(Items from a dataset)
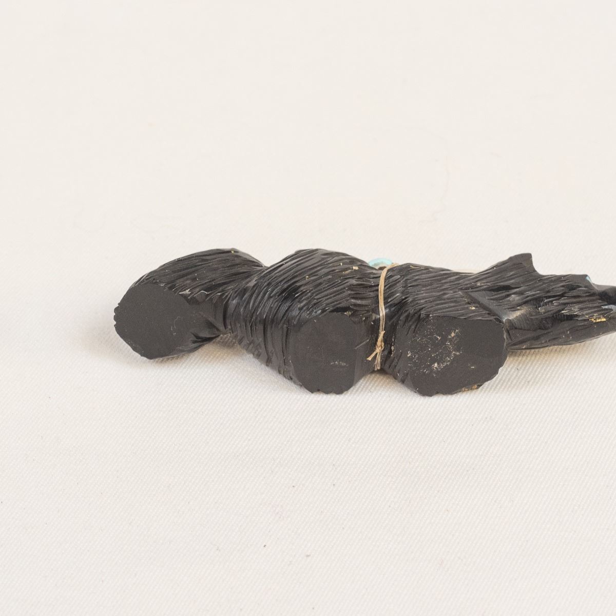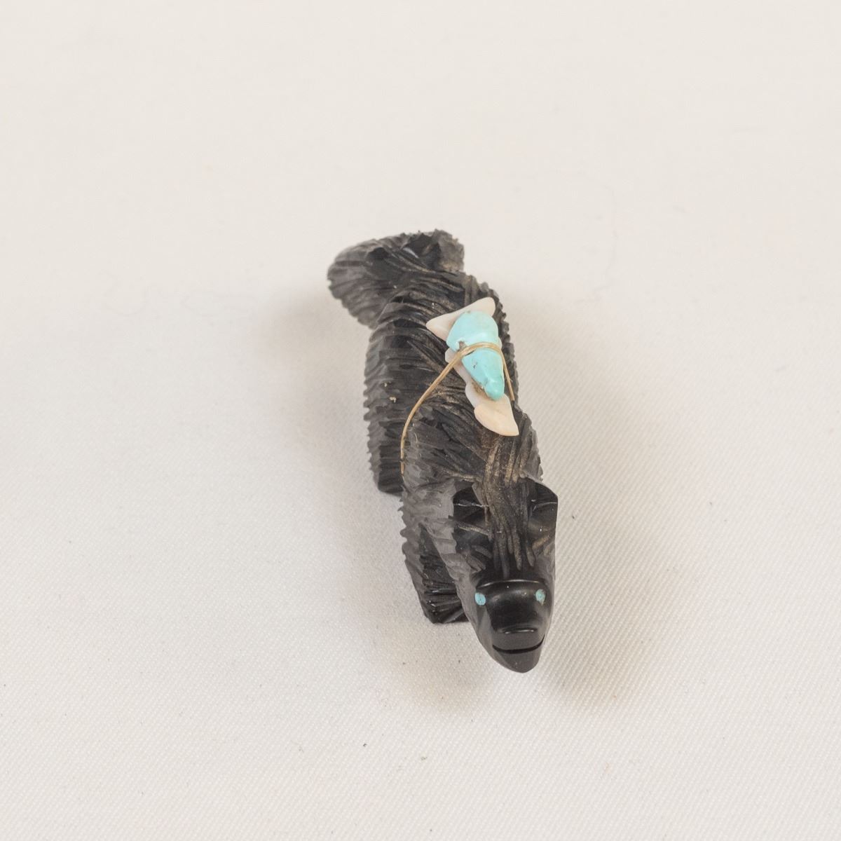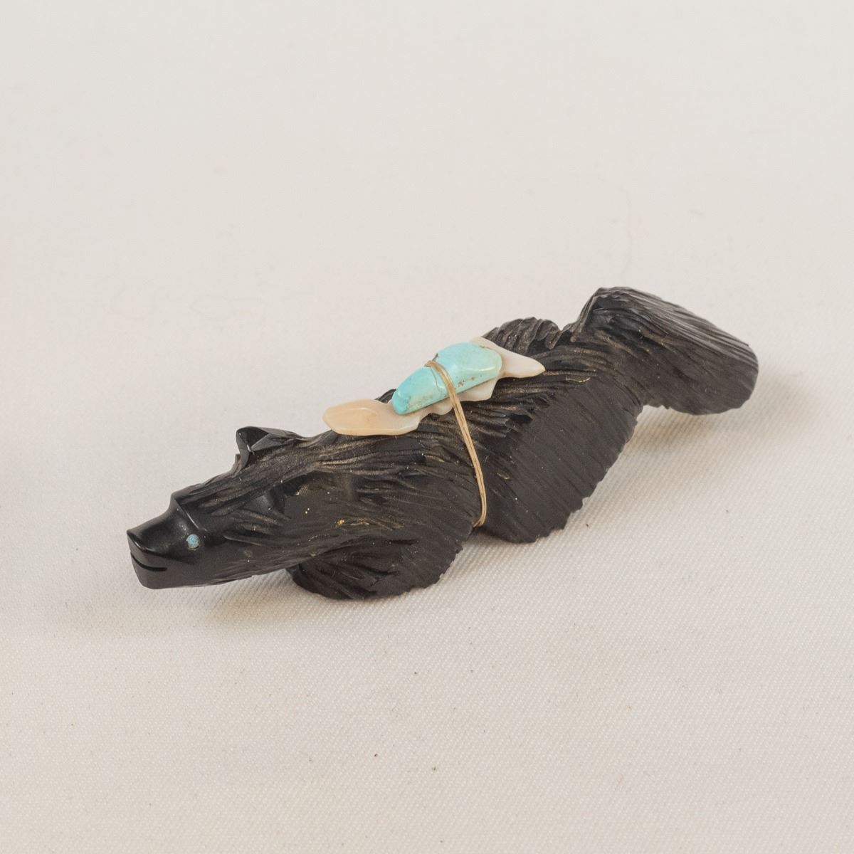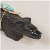 Native American Zuni Jet Bushy Tail Fetish by Eugene Mahooty, measures .75'' x 4''L x 1.5'', turquoise and shell arrowhead spirit bundle, turquoise eyes
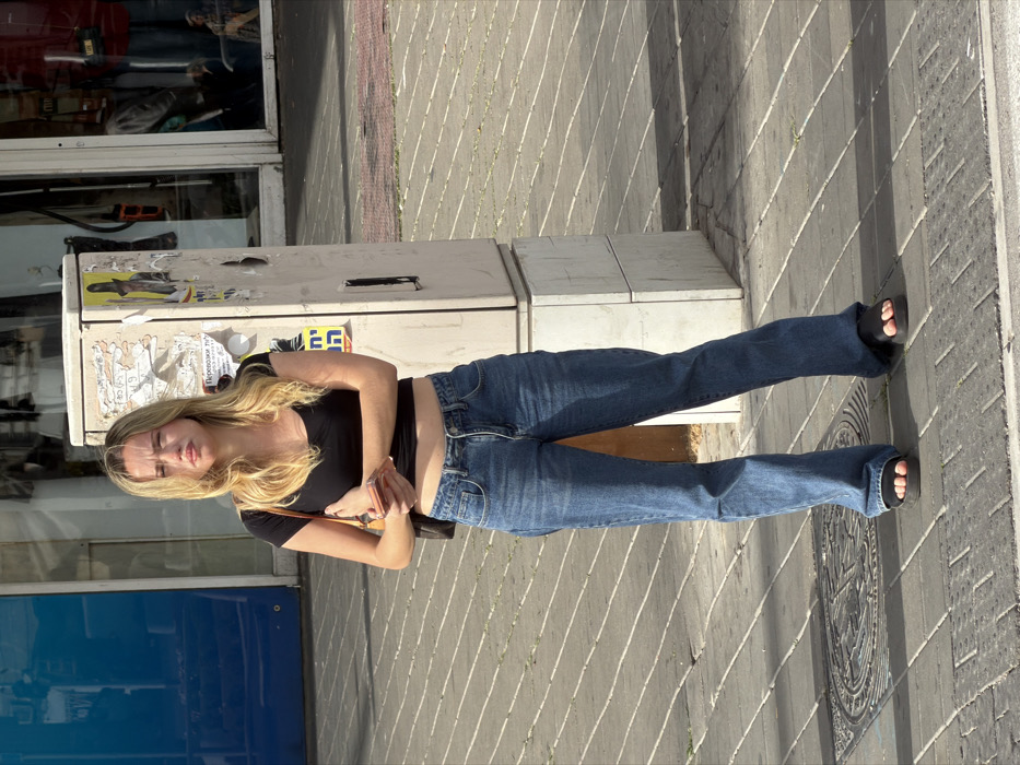 A lone female individual is depicted standing on a paved city sidewalk in Bat Yam, Israel, during daylight hours. The subject is a light-skinned woman with long blonde hair, dressed in a black short-sleeved crop top, blue jeans, and black open-toed sandals. She holds a light-colored smartphone horizontally in her left hand across her midsection, with her right arm folded. A brown shoulder bag strap is visible over her right shoulder. Her expression is neutral, and she looks directly forward, slightly to her left. To her immediate right stands a light-colored, rectangular utility pillar, heavily covered with various weathered posters and papers, some displaying Hebrew and Russian text. The background includes a blue storefront entrance on the left and a shop window with merchandise visible through reflections on the right. The pavement consists of grey rectangular tiles with diagonal grooves, and a circular metal manhole cover is present near the subject's feet. Strong, elongated shadows are cast across the sidewalk, indicating a sunny environment.
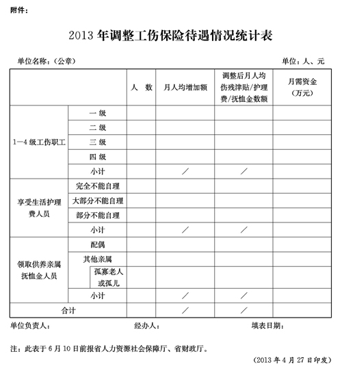 调整一级至四级工伤职工伤残津贴、生活护理费和工亡职工供养亲属抚恤金标准,充分体现了党和政府对工伤职工以及工亡职工亲属的关怀。各市人力资源社会保障局、财政局及各有关单位一定要高度重视,切实加强领导,精心组织实施,确保2013年5月底前完成此项工作,将待遇发放到相关人员手中。6月10日前,各市要搞好总结,连同《2013年调整工伤保险待遇情况统计表》(见附件),分别报省人力资源社会保障厅、省财政厅。
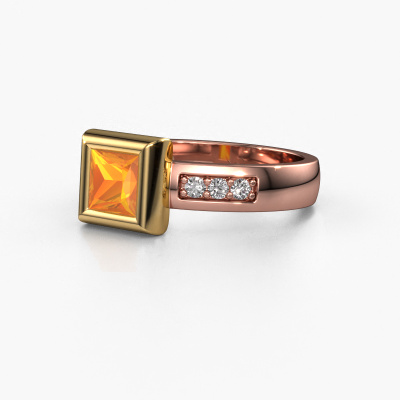 Are you looking for a edgy ring with an eye-catching single gemstone? How do you like this Charlotte Square ring? This rose gold Charlotte Square ring is set with a beautiful 5 mm princess citrin. The citrin is carefully selected by our citrin suppliers. Subsequently, these gemstones are then set by our goldsmith according to ancient tradition. The ring will then be polished to perfection creating a unique ring with a stunning citrin. Created especially for you. The best part of this edgy ring is that you can customize it to your own liking. Your style, your choice, your ring. On top of that, your modern rose gold ring will be made by hand with eco-friendly materials! Please feel free to easily customize the ring, using our online tool.By using our modern techniques, we can design and customize the finest quality jewels with the utmost care for you. Our rings are always priced 30 percent lower than other jewellers. We make rings to order, so we don't have to maintain a large stock. If you have a certain budget, we are more than happy to advice you accordingly.To make it easier for you, we offer a 30 day return policy. Check our terms and conditions.
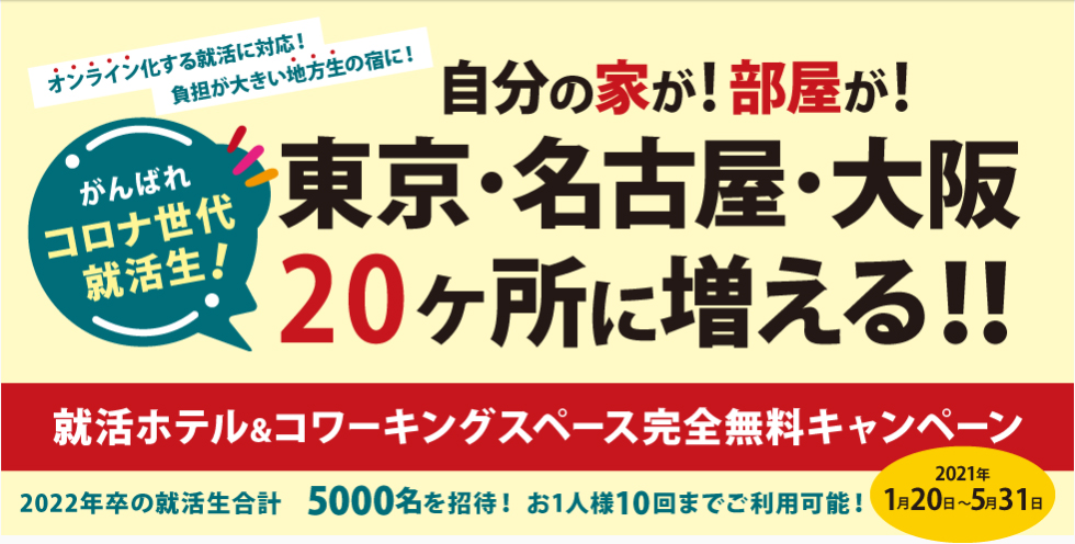 就活生に無料でホテル・ワーキングスペースを開放、東京・名古屋・大阪の計20施設で
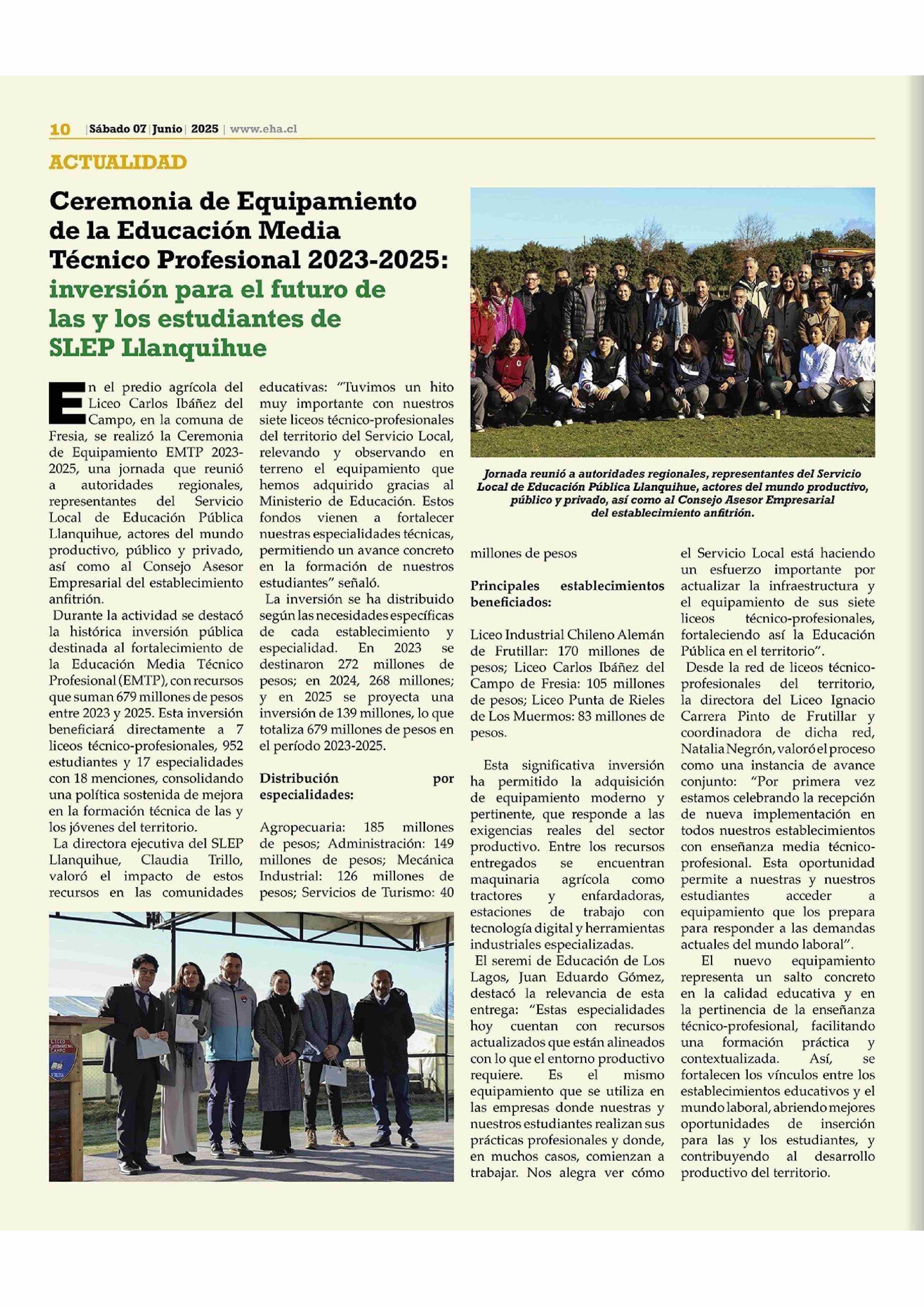 Título: Ceremonia de Equipamiento Técnico Profesional 2023-2025: las y los estudiantes de SLEP Llanquihue
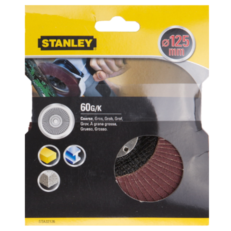 Stanley alumínium oxid szemcsés legyező csiszoló, használható fémre, fára, betonra. - átmérő: 125mm - szemcsefinomság: P60.
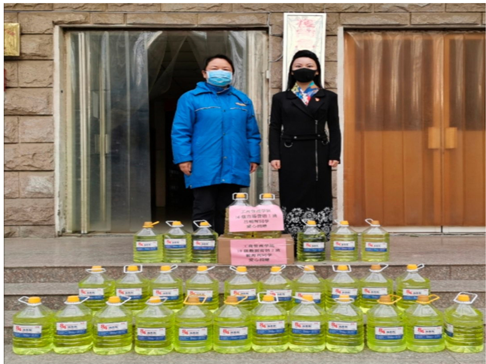 国际教育学院19级会计01班陈怡含同学向学校捐赠消毒液100斤,19级会计(专)02班学生刘畅向学校捐赠1200个一次性医用外科口罩,他们用实际行动为学校防疫工作贡献了力量,充分展现了新时代大学生高度的社会责任感和爱国爱校之心,体现了学校落实立德树人根本任务的实际成效。
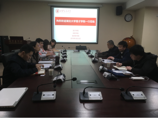 湖北大学楚才学院党委书记王新远介绍了楚才学院的规模、发展现状以及学生培养方式,他提到学院实行一人一导师、一人一计划,针对每一个学生实行定制化培养方案。他对我校书院制育人模式表示了极大的肯定,双方就书院制工作开展以及具体的学生管理问题进行了交流和探讨。
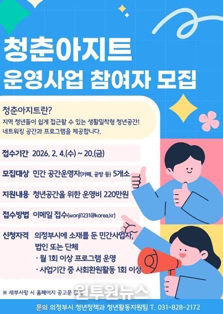 (원투원뉴스) 의정부시는 청년들이 일상 속에서 자유롭게 모이고 활동할 수 있도록 생활밀착형 청년공간 ‘청춘아지트’ 사업에 참여할 민간사업자를 모집한다.
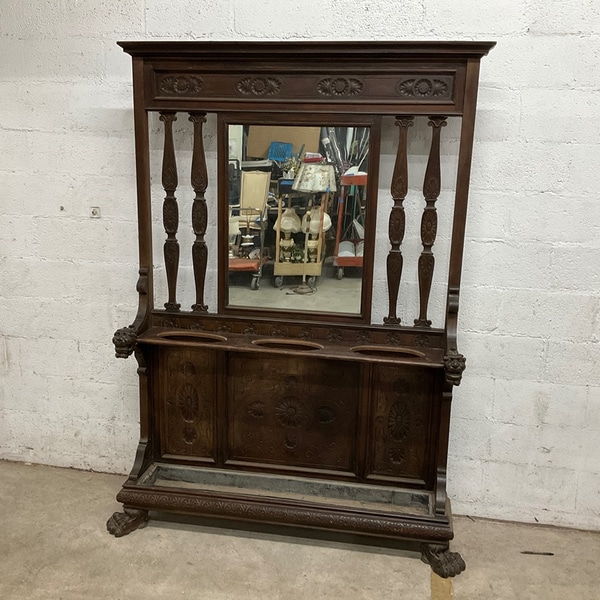 Elegant hall tree with mirror and intricate carvings. Perfect for vintage-style entryways.
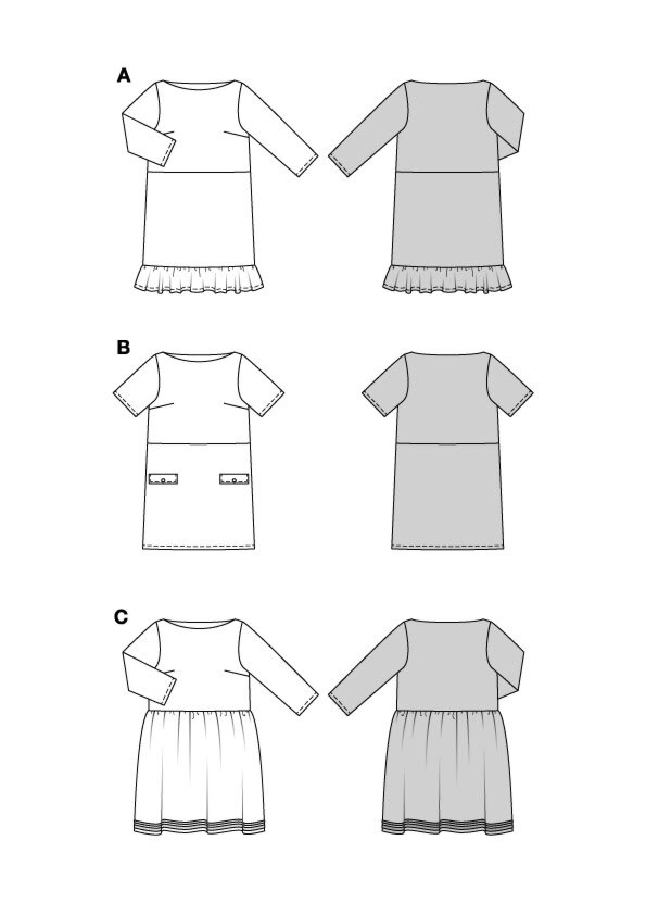 Det mångsidiga klänningsmönstret erbjuder gott om utrymme för individualitet och! Sy en enkel klänning från Burda med vichy-rutor, en båtringning och volang i fållen eller en klänning med sextiotalstouch tack vare korta ärmar och våffelpiké. För höstlooken, styla enkelt med en kavaj, strumpbyxor och stövlar. Den vida kjolversionen med hög midja och dekorativa detaljer passar för en feminin look. Tre stilfulla klänningsmodeller i ett på svårighetsgrad 1!
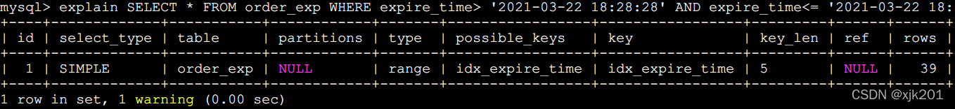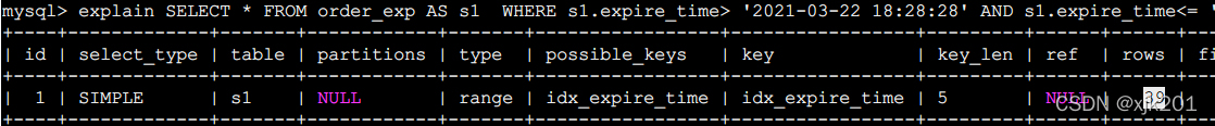 explain SELECT * FROM order_exp WHERE expire_time> '2021-03-22 18:28:28' AND expire_time<='2021-03-22 18:35:09';

(WHAT TO WORK ON): Repeat only the lines between the start of the data and the line with "调整一级至四级工伤职工伤残津", including those two lines, and skip the pictures.

(REPLY TO THE EXERCISE):
 Native American Zuni Jet Bushy Tail Fetish by Eugene Mahooty, measures .75'' x 4''L x 1.5'', turquoise and shell arrowhead spirit bundle, turquoise eyes
 A lone female individual is depicted standing on a paved city sidewalk in Bat Yam, Israel, during daylight hours. The subject is a light-skinned woman with long blonde hair, dressed in a black short-sleeved crop top, blue jeans, and black open-toed sandals. She holds a light-colored smartphone horizontally in her left hand across her midsection, with her right arm folded. A brown shoulder bag strap is visible over her right shoulder. Her expression is neutral, and she looks directly forward, slightly to her left. To her immediate right stands a light-colored, rectangular utility pillar, heavily covered with various weathered posters and papers, some displaying Hebrew and Russian text. The background includes a blue storefront entrance on the left and a shop window with merchandise visible through reflections on the right. The pavement consists of grey rectangular tiles with diagonal grooves, and a circular metal manhole cover is present near the subject's feet. Strong, elongated shadows are cast across the sidewalk, indicating a sunny environment.
 调整一级至四级工伤职工伤残津贴、生活护理费和工亡职工供养亲属抚恤金标准,充分体现了党和政府对工伤职工以及工亡职工亲属的关怀。各市人力资源社会保障局、财政局及各有关单位一定要高度重视,切实加强领导,精心组织实施,确保2013年5月底前完成此项工作,将待遇发放到相关人员手中。6月10日前,各市要搞好总结,连同《2013年调整工伤保险待遇情况统计表》(见附件),分别报省人力资源社会保障厅、省财政厅。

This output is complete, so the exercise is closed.